OBJECTIVES - The clinical course of multiple sclerosis (MS) is highly variable, and research data collection is costly and time consuming. We evaluated natural language processing techniques applied to electronic medical records (EMR) to identify MS patients and the key clinical traits of their disease course.
MATERIALS AND METHODS - We used four algorithms based on ICD-9 codes, text keywords, and medications to identify individuals with MS from a de-identified, research version of the EMR at Vanderbilt University. Using a training dataset of the records of 899 individuals, algorithms were constructed to identify and extract detailed information regarding the clinical course of MS from the text of the medical records, including clinical subtype, presence of oligoclonal bands, year of diagnosis, year and origin of first symptom, Expanded Disability Status Scale (EDSS) scores, timed 25-foot walk scores, and MS medications. Algorithms were evaluated on a test set validated by two independent reviewers.

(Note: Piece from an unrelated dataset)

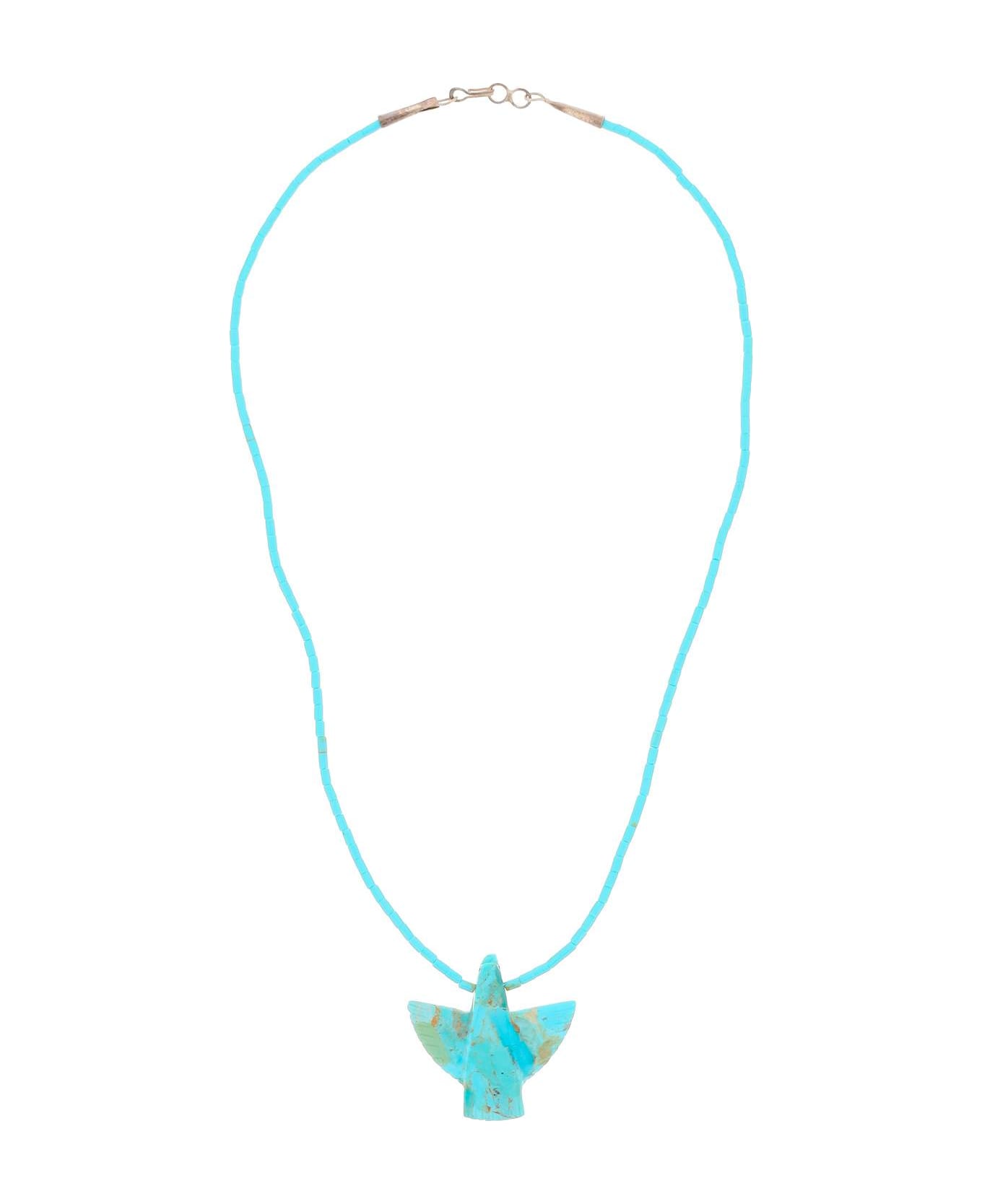 Turquoise Eagle chocker necklace by Jessie Western made by Native American Indian, composed of a turquoise rhinestones strand enriched with a middle eagle-shaped turquoise. Silver hook closure.

RESULTS - We identified 5789 individuals with MS. For all clinical traits extracted, precision was at least 87% and specificity was greater than 80%. Recall values for clinical subtype, EDSS scores, and timed 25-foot walk scores were greater than 80%.
DISCUSSION AND CONCLUSION - This collection of clinical data represents one of the largest databases of detailed, clinical traits available for research on MS. This work demonstrates that detailed clinical information is recorded in the EMR and can be extracted for research purposes with high reliability.